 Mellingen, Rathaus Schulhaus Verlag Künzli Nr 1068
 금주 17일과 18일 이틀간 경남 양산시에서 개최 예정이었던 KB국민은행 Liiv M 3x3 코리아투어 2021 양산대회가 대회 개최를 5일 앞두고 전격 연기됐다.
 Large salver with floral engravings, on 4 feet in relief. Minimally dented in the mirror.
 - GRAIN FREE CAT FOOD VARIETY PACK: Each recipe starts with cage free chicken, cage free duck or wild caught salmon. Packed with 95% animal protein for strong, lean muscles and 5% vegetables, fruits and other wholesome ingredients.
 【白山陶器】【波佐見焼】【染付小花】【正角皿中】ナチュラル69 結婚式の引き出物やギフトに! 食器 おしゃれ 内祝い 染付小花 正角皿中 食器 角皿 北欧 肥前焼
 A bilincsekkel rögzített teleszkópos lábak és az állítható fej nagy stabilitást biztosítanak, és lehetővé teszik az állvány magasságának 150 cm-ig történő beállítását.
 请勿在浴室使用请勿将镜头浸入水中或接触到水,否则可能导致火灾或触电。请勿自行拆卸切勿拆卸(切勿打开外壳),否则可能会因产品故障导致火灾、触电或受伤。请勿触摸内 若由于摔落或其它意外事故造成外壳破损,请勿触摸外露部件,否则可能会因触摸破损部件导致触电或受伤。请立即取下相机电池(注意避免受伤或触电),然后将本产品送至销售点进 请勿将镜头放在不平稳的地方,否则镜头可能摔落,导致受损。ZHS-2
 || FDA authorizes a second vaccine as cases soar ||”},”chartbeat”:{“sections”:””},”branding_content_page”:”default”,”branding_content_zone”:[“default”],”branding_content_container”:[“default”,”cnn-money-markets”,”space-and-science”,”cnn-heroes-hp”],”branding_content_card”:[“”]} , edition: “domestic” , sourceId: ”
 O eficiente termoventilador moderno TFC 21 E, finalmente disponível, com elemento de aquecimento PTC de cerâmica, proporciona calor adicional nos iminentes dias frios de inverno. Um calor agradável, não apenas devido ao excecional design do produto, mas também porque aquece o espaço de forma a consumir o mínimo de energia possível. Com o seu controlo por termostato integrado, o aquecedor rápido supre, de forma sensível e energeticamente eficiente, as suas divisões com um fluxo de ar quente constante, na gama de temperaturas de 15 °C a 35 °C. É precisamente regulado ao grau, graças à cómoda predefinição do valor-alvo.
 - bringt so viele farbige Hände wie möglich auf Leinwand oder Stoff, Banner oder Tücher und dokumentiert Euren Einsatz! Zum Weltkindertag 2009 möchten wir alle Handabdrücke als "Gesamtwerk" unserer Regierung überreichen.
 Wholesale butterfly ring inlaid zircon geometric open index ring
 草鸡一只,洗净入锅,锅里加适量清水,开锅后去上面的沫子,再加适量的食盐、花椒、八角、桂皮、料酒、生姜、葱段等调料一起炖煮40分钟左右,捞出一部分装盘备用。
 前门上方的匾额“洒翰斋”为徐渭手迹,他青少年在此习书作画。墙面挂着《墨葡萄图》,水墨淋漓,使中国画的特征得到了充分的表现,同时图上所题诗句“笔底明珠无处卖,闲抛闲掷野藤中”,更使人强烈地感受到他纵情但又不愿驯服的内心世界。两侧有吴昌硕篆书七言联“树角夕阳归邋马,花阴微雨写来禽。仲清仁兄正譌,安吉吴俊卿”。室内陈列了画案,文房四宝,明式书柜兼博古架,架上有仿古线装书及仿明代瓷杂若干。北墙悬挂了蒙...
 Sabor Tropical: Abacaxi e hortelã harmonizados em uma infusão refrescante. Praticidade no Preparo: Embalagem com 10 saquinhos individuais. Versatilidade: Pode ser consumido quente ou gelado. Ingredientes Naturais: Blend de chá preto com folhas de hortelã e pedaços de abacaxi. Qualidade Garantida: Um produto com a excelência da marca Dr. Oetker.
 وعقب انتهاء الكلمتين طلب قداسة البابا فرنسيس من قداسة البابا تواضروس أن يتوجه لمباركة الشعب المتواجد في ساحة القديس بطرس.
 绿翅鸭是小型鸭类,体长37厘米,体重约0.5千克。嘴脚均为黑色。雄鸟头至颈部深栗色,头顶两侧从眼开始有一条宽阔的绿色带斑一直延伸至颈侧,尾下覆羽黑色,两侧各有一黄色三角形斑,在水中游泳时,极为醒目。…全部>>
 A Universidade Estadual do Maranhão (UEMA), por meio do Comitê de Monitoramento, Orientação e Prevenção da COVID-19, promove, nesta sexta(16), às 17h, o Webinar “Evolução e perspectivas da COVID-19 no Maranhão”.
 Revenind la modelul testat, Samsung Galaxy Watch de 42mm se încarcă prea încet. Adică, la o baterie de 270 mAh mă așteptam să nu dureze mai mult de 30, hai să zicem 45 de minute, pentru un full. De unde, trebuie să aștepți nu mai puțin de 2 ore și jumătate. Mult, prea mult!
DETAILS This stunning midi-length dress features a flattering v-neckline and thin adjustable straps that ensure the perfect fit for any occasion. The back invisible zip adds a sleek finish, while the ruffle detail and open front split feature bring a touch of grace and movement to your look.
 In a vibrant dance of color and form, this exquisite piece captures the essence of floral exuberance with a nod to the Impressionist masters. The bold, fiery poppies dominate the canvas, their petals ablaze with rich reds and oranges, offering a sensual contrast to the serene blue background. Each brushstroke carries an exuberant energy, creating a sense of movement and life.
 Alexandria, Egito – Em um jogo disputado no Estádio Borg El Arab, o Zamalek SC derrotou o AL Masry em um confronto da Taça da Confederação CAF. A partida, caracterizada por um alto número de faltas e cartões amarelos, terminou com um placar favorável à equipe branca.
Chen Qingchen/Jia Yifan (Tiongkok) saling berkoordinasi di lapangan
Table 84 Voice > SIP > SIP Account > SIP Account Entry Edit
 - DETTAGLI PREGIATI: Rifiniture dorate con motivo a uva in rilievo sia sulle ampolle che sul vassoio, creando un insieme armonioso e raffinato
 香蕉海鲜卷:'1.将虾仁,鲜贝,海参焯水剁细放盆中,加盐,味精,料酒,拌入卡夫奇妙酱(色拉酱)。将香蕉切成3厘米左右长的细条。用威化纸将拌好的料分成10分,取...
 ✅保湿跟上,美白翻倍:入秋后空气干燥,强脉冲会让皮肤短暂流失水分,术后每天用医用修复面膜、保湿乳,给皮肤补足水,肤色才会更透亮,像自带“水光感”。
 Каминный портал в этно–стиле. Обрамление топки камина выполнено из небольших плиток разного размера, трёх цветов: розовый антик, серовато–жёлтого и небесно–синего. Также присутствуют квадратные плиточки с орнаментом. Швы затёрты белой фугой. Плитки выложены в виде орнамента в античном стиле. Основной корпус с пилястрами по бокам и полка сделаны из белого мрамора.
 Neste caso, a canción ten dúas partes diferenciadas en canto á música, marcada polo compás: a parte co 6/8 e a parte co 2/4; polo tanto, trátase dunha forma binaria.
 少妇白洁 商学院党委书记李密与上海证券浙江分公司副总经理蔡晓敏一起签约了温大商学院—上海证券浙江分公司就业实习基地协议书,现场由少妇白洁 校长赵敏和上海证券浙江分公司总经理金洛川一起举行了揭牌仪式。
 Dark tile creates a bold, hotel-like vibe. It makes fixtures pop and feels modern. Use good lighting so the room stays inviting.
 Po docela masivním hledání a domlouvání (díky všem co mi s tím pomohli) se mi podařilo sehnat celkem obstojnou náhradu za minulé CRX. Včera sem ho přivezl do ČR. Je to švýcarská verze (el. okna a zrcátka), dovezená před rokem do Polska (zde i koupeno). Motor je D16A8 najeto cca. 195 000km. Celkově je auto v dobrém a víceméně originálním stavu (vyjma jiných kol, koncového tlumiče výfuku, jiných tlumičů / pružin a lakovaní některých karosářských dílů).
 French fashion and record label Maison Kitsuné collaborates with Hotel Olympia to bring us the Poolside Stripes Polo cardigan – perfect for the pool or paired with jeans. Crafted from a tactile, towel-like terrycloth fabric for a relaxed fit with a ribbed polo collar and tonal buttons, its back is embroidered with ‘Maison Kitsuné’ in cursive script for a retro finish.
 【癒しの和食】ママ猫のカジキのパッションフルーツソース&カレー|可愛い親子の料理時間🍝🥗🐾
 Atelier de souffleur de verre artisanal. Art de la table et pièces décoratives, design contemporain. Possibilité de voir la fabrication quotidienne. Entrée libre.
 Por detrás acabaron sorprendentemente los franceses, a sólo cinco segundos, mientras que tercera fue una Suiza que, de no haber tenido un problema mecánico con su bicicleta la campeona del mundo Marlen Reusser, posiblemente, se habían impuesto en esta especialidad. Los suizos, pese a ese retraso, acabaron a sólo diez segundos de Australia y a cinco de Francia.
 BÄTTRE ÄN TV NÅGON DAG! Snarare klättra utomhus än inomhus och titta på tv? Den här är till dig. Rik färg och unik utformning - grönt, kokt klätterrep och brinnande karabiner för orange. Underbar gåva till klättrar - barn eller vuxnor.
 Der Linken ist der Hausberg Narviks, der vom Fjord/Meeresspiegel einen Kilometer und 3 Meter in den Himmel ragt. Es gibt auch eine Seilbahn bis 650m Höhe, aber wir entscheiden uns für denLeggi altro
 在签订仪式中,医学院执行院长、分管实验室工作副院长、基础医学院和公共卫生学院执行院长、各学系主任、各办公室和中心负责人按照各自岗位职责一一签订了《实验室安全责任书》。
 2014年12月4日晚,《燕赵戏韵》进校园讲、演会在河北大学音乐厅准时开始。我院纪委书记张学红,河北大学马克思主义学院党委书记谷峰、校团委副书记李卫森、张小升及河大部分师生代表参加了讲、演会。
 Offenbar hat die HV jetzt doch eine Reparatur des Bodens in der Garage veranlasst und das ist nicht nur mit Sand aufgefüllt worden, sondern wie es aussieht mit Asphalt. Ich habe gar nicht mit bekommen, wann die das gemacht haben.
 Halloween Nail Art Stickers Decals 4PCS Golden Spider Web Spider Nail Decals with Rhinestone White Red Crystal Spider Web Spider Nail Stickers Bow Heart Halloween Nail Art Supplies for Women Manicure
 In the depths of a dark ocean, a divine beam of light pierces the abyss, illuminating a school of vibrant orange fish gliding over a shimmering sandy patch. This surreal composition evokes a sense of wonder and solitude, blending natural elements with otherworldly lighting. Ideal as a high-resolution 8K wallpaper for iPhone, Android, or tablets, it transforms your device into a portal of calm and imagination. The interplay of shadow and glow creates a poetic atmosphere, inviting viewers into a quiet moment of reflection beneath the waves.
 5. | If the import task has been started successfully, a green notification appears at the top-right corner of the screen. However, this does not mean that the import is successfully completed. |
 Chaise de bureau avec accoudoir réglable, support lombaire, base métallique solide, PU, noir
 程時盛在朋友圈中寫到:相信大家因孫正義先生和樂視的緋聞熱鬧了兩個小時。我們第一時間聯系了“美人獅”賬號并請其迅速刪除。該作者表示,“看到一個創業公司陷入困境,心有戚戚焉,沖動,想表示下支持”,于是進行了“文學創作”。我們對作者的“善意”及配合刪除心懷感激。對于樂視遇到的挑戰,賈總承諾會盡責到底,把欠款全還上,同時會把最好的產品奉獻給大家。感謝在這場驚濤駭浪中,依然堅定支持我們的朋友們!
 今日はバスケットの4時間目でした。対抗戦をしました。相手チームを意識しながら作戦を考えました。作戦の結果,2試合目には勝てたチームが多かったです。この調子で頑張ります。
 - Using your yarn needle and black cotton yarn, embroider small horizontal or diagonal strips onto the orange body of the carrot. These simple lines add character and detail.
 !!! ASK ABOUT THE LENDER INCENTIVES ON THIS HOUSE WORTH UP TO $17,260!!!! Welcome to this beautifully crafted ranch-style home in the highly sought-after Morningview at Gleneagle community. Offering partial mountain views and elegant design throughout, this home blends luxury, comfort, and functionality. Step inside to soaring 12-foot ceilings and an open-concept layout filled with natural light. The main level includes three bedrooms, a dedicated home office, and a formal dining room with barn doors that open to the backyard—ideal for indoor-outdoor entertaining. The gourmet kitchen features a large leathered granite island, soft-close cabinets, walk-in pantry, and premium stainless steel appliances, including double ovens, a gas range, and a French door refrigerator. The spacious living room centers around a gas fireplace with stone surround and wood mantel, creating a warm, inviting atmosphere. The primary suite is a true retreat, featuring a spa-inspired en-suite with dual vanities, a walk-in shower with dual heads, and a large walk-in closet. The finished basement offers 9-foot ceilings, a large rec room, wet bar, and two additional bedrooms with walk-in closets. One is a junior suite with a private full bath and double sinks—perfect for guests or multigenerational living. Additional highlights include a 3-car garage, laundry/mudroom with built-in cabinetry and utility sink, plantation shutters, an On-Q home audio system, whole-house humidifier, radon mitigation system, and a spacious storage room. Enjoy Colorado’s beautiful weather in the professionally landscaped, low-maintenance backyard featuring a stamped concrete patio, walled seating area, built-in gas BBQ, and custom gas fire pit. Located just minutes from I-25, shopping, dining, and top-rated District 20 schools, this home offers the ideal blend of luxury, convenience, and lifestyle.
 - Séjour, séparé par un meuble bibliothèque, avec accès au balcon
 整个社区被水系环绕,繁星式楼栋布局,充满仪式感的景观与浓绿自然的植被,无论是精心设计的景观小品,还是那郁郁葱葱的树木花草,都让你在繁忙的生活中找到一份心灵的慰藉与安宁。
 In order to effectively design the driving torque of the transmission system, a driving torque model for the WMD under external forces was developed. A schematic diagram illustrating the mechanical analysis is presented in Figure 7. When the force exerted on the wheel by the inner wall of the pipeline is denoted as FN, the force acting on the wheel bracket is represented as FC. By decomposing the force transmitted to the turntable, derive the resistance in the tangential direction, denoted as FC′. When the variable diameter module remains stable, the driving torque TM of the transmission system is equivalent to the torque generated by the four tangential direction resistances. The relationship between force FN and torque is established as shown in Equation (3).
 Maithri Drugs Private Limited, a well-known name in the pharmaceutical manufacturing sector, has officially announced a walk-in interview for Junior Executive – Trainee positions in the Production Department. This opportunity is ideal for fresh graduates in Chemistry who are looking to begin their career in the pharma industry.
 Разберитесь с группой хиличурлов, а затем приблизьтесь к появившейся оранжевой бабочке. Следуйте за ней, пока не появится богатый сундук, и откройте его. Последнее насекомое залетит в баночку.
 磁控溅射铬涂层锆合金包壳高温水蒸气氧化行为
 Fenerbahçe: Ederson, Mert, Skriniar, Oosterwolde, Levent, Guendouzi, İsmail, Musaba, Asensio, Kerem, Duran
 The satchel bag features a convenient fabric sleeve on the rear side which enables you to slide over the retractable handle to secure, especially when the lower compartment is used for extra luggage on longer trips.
....................
• [To do]
Take the entries above and return only the lines from the one with "Chen Qingchen/Jia Yifan" to the one with "Каминный портал в", both included, unchanged.

• [Reply to the exercise]
Chen Qingchen/Jia Yifan (Tiongkok) saling berkoordinasi di lapangan
Table 84 Voice > SIP > SIP Account > SIP Account Entry Edit
 - DETTAGLI PREGIATI: Rifiniture dorate con motivo a uva in rilievo sia sulle ampolle che sul vassoio, creando un insieme armonioso e raffinato
 香蕉海鲜卷:'1.将虾仁,鲜贝,海参焯水剁细放盆中,加盐,味精,料酒,拌入卡夫奇妙酱(色拉酱)。将香蕉切成3厘米左右长的细条。用威化纸将拌好的料分成10分,取...
 ✅保湿跟上,美白翻倍:入秋后空气干燥,强脉冲会让皮肤短暂流失水分,术后每天用医用修复面膜、保湿乳,给皮肤补足水,肤色才会更透亮,像自带“水光感”。
 Каминный портал в этно–стиле. Обрамление топки камина выполнено из небольших плиток разного размера, трёх цветов: розовый антик, серовато–жёлтого и небесно–синего. Также присутствуют квадратные плиточки с орнаментом. Швы затёрты белой фугой. Плитки выложены в виде орнамента в античном стиле. Основной корпус с пилястрами по бокам и полка сделаны из белого мрамора.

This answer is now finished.